**Data excerpts**
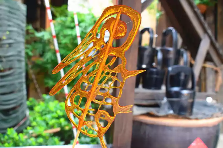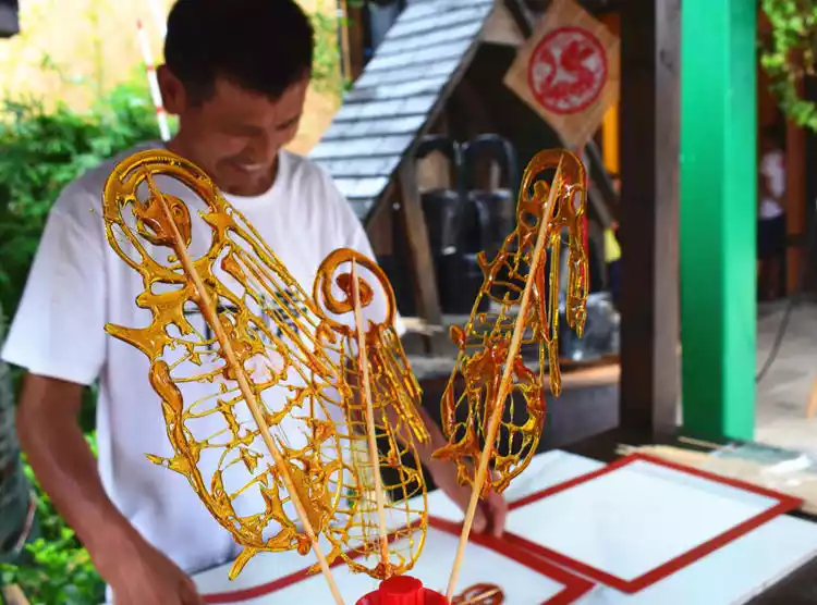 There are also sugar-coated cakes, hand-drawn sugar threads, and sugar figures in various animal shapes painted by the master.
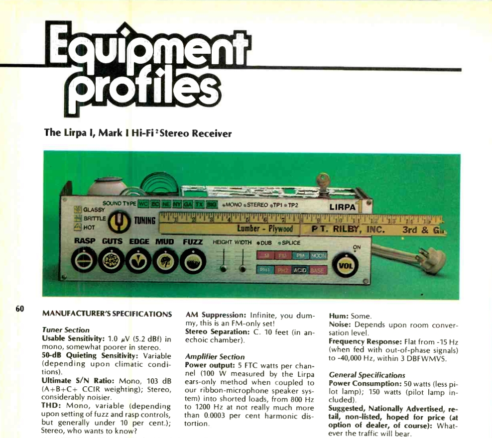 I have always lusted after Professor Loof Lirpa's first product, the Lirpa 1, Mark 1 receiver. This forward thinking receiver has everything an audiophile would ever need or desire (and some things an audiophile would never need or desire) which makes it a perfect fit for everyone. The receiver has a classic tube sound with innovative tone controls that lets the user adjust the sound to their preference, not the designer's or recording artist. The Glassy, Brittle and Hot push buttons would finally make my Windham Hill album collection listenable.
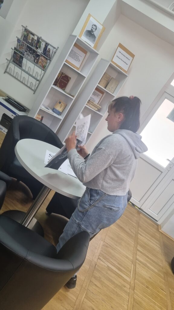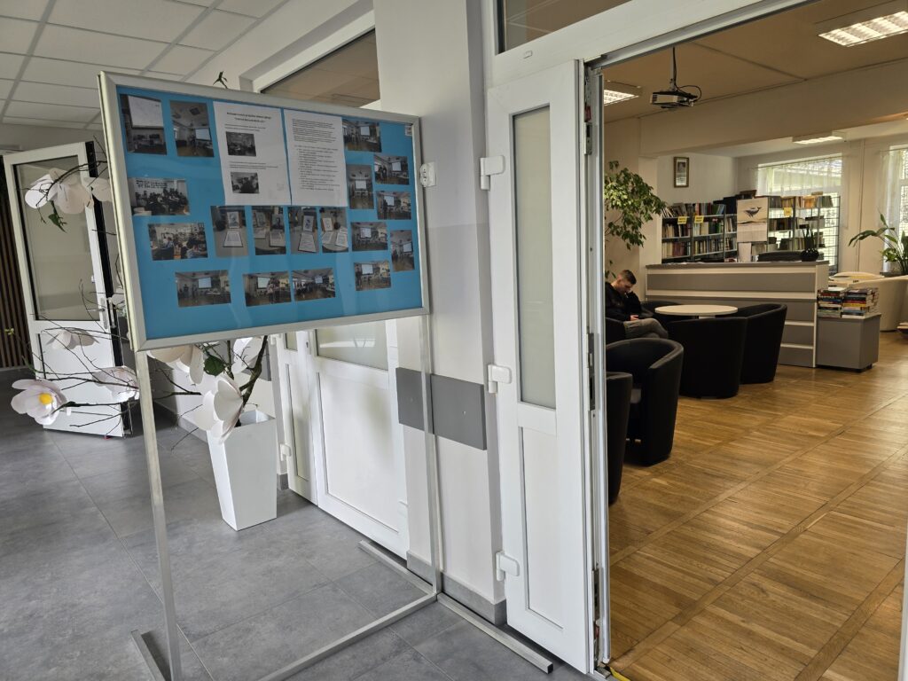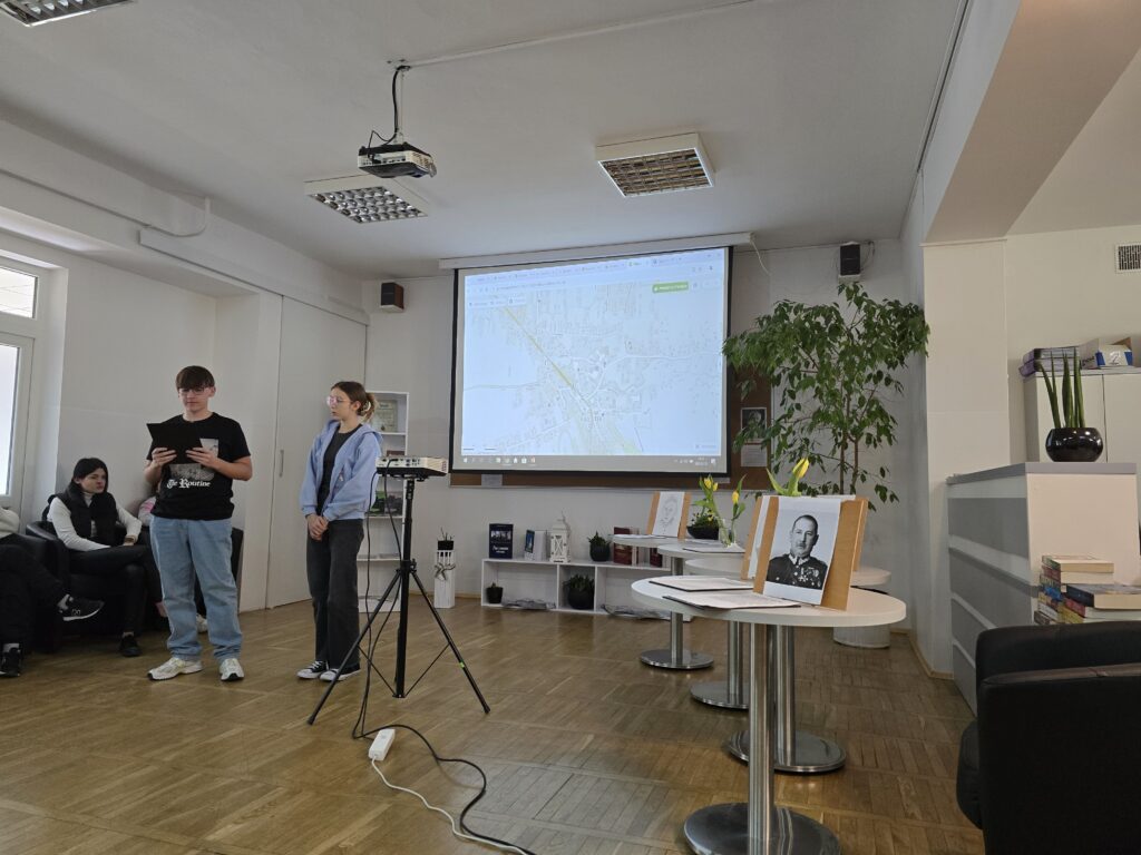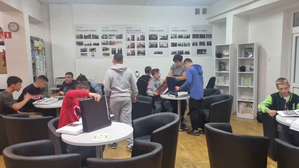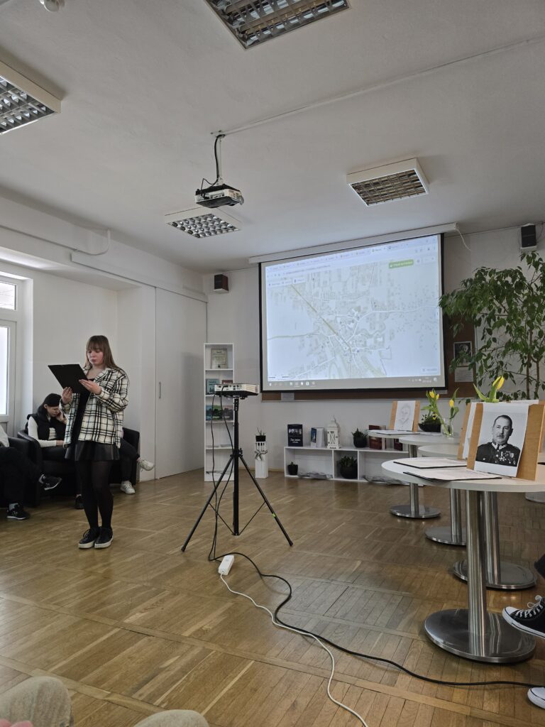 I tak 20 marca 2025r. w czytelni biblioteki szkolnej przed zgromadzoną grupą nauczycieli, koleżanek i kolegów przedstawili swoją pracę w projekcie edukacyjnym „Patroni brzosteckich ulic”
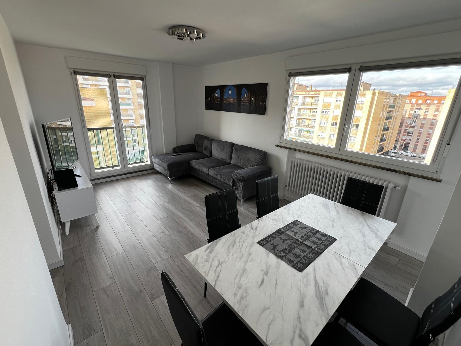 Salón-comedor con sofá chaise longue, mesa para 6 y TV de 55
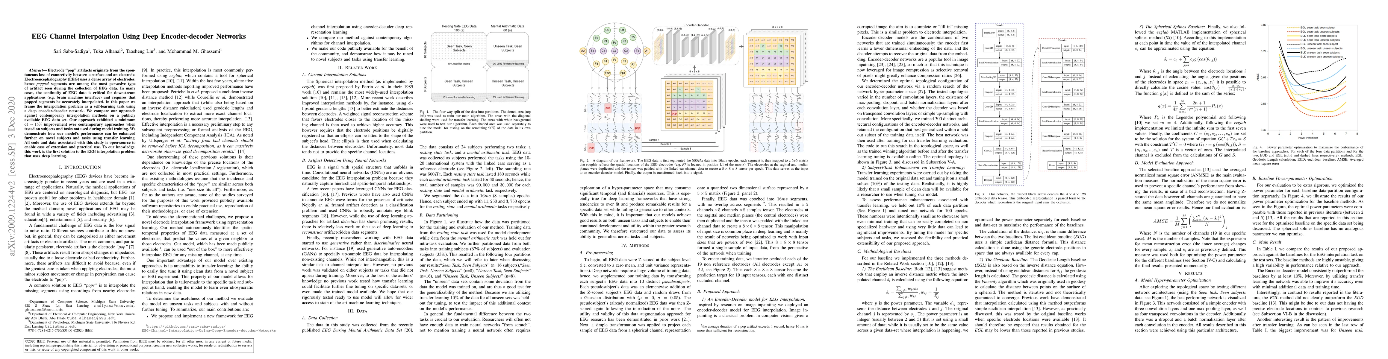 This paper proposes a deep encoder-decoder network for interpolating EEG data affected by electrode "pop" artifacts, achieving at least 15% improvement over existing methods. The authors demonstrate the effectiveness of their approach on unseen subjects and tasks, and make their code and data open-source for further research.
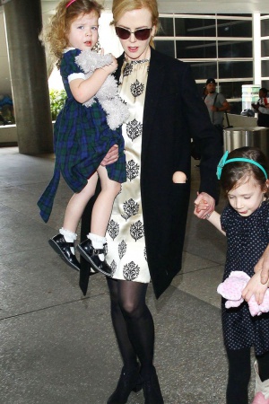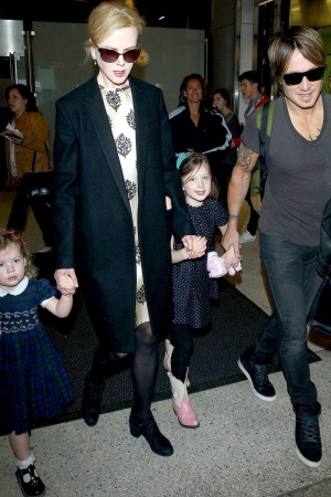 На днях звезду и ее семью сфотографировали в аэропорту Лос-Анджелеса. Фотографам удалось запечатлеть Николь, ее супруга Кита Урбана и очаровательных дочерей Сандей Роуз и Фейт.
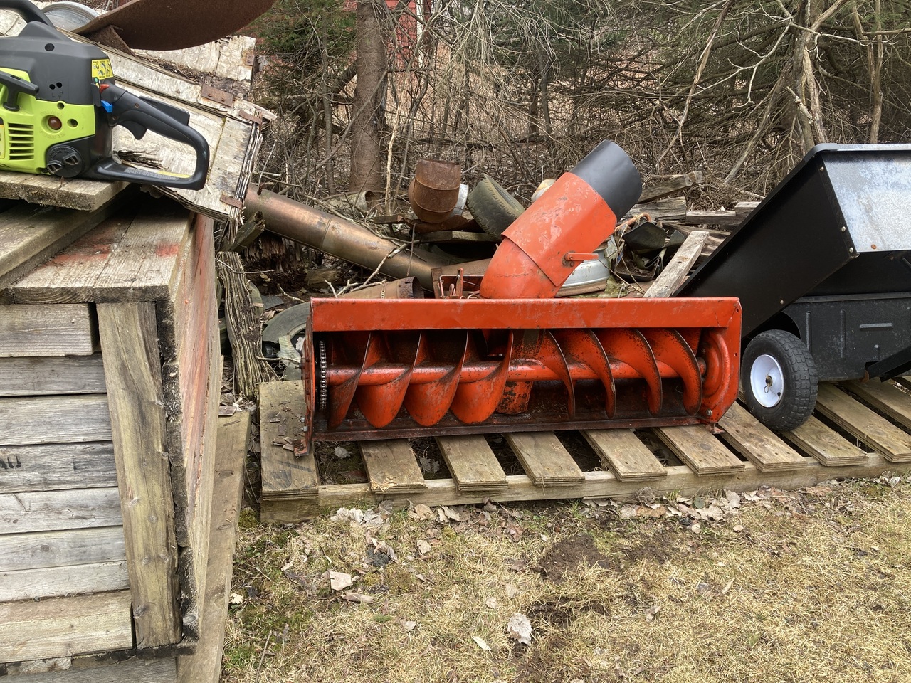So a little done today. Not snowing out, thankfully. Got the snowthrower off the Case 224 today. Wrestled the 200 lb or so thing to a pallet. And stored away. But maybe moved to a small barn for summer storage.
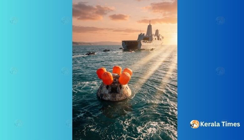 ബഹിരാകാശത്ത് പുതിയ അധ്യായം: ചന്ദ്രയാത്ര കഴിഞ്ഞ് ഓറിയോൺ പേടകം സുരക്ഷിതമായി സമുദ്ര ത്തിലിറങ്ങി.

**Assigned task**
Output each line of the records exactly. Any picture is skipped.

**Answer for this exercise**
 There are also sugar-coated cakes, hand-drawn sugar threads, and sugar figures in various animal shapes painted by the master.
 I have always lusted after Professor Loof Lirpa's first product, the Lirpa 1, Mark 1 receiver. This forward thinking receiver has everything an audiophile would ever need or desire (and some things an audiophile would never need or desire) which makes it a perfect fit for everyone. The receiver has a classic tube sound with innovative tone controls that lets the user adjust the sound to their preference, not the designer's or recording artist. The Glassy, Brittle and Hot push buttons would finally make my Windham Hill album collection listenable.
 I tak 20 marca 2025r. w czytelni biblioteki szkolnej przed zgromadzoną grupą nauczycieli, koleżanek i kolegów przedstawili swoją pracę w projekcie edukacyjnym „Patroni brzosteckich ulic”
 Salón-comedor con sofá chaise longue, mesa para 6 y TV de 55
 This paper proposes a deep encoder-decoder network for interpolating EEG data affected by electrode "pop" artifacts, achieving at least 15% improvement over existing methods. The authors demonstrate the effectiveness of their approach on unseen subjects and tasks, and make their code and data open-source for further research.
 На днях звезду и ее семью сфотографировали в аэропорту Лос-Анджелеса. Фотографам удалось запечатлеть Николь, ее супруга Кита Урбана и очаровательных дочерей Сандей Роуз и Фейт.
So a little done today. Not snowing out, thankfully. Got the snowthrower off the Case 224 today. Wrestled the 200 lb or so thing to a pallet. And stored away. But maybe moved to a small barn for summer storage.
 ബഹിരാകാശത്ത് പുതിയ അധ്യായം: ചന്ദ്രയാത്ര കഴിഞ്ഞ് ഓറിയോൺ പേടകം സുരക്ഷിതമായി സമുദ്ര ത്തിലിറങ്ങി.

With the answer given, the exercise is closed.